I posess non-formal self taught [read limited] dev skills and I found that I could make this project

operate at near line speed (10G) on a “direct copy” -d switch by replacing 541 - 546 in the BackupManager.cs file from the HVBackup.Engine project with the below code block.

    else if (File.Exists(srcPath))
    {
        var outputName = Path.Combine(vmBackupPath, vmPath.Substring(volumePathLength));
        var folder = Path.GetDirectoryName(outputName);
        if (!Directory.Exists(folder))
        {
            Directory.CreateDirectory(folder);
        }
        File.Copy(srcPath, outputName, true);
    }

What this does is make a direct VSS File.Copy Whereas the original implementation was using streams and topped out at 2.5Gb/s.

File.Copy a direct system call and can use hardware acceleration and large kernel buffers.
Stream.CopyTo is constrained by the buffer size and managed overhead, so throughput is lower.

Also: I now have working (just today) and am refining a “producer → consumer → writer” style LZ4 codec based parallel compressor (just using L00_FAST at the moment) to reduce backup storage by compressing the source. I have it working but need to tune the GC as VHD files end up as thousands of 4MB blocks being compressed across cores in the compressor code.

Even the fastest (least compression) option of this codec reduces the size of a 37GB VHD to 22GB and costs only 30 extra seconds at 137 seconds total versus 67 seconds total for the uncompressed direct copy of the 37G.

The LZ4 codec in ‘fast’ is so efficient that the cores (18 of, core 0 and 1 I avoid using) only run at 30%. However, selecting higher compression levels push all cores to 100% as expected.
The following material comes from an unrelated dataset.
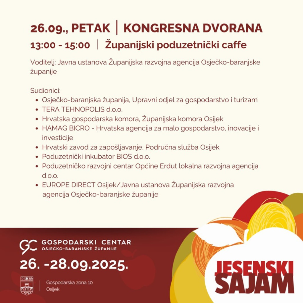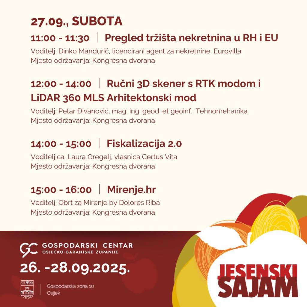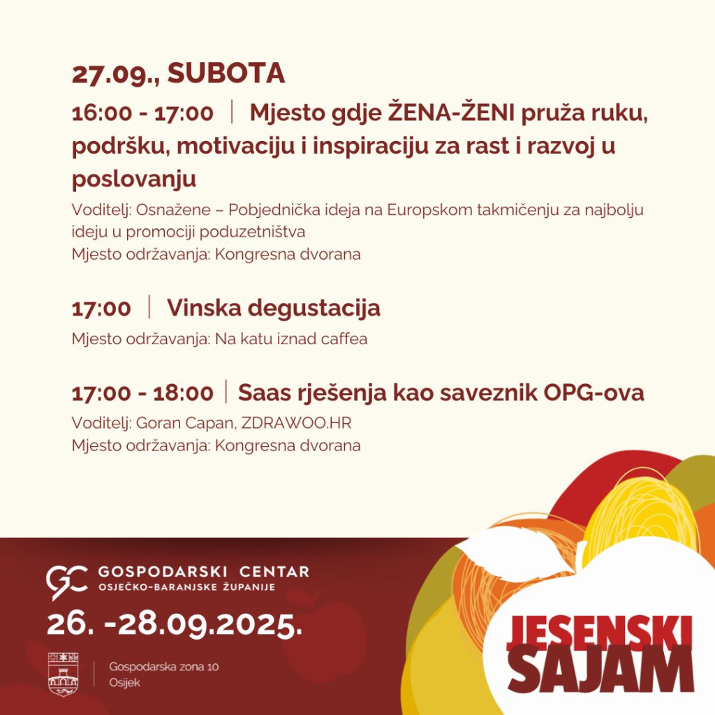 U Gospodarskom centru Osječko-baranjske županije u Osijeku u petak (26. rujna 2025. godine) u 10.00 sati bit će svečano otvorenje 28. Jesenskog sajma. Tijekom tri dana, zaključno s nedjeljom, 28. rujna, Sajam je otvoren za sve zainteresirane posjetitelje od 10.00 do 19.00 sati, naravno ulaz i parking su i ovaj put besplatni.

I am probably going to go via this private route in our case as I am pretty happy with sub 2 mins for a backup at 50% source size. The commercial options out there are either meggabucks (Veeam) or a bit unclear as to the performance vs cost, but certainly more costly than free.

I am intending to get RCT working but that’s another big step.
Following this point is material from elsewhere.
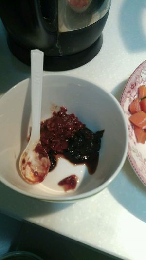 将之前的鸡油放入锅里小火煸炒出油,将油渣扔掉。

I’ll reply again once I have any data to provide to you.

Ant · November 16, 2025, 8:21pm

I didn’t properly read what you asked me for, I am sorry, you wanted to know whether the limitation was per client or server total. I am sorry, I didn’t test that so I don’t know, but I am pretty sure the limitation would be per physical client instance. I don’t think the code (but I do not know) backs up more than one virtual machine at once per physical host. I am reasonably confident that you can run multiple physical hosts to one UrBackup server simultaneously and these would operate concurrently. Your bottleneck would then come up as your CPU speed to deal with the CPU interrupts from the NIC and the associated Deferred Procedure Calls to process the packets once the CPU had finished with the packet interrupt at a higher level; and obviously the backup media write speed.
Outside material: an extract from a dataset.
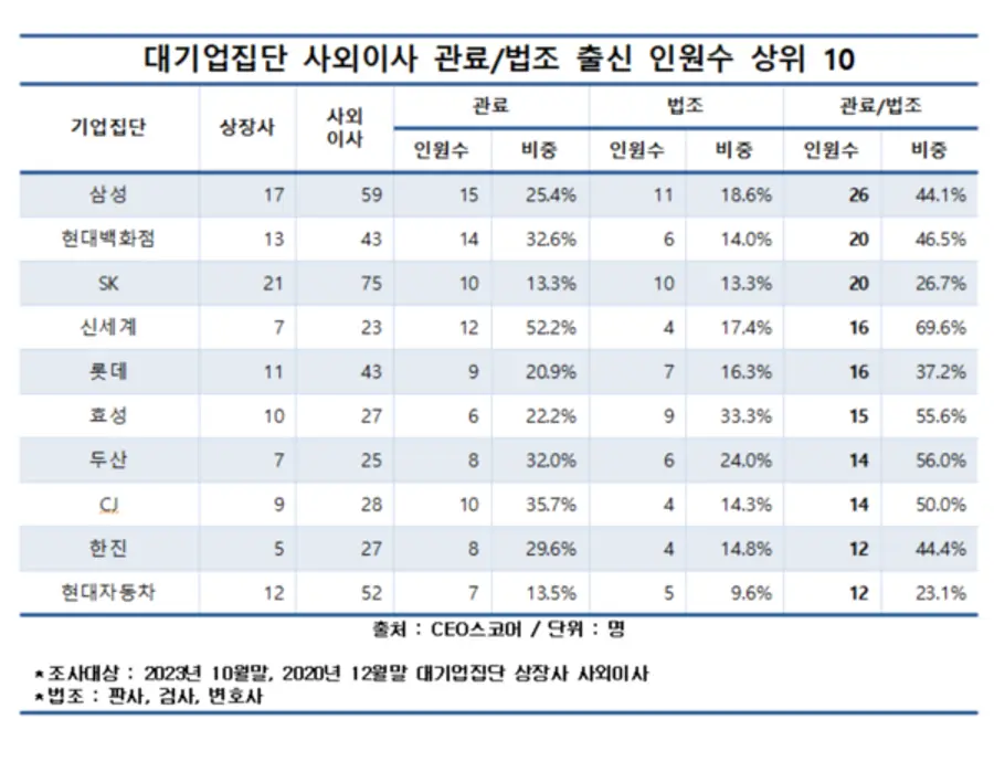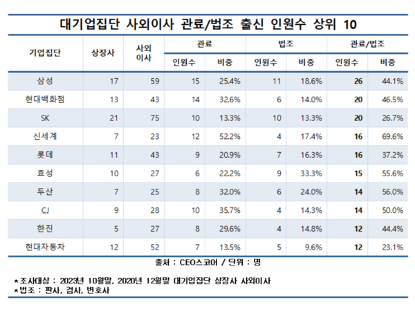 관료·법조 출신 사외이사가 가장 많은 곳은 삼성그룹이었다. 삼성그룹은 전체 사외이사 59명 중 26명(44.1%)가 관료·법조 출신이었다. 이어 현대백화점(20명), SK(20명) 등이 관료·법조 출신을 20명 이상 선임한 곳으로 조사됐다.

With a much greater level of complexity than I could have ever imagined at the start, I have finished my private implementation of RCT / CBT using Win32 P/Invoke and WMI. The code implements VSS for Windows Server and standard WMI exports for Win 10 / 11. In the case of the client side the export is then read back and pumped through the compressor before being written back to the output directory. I wanted to make sure I get the configuration files because these are often missed out. On the Win10/11 OS WMI is the only supported way. Consequently, it’s hop skip and a jump compared to the server side but once that initial backup is completed the incremental block level backups are identical in both cases. There is no “server” just a target proprietary compressed file format for each VM which contains all needed elements from each backup to completely restore the VM to a given backup time point.

Obviously this forum isn’t about my code it’s about URBackup which for allot of use cases is frikin awesome and free of course. I just have a specific case where it doesn’t quite fit for me. I may consider publishing my code at some point, but that comes with overhead which I do not have bandwidth for. . . so I may not.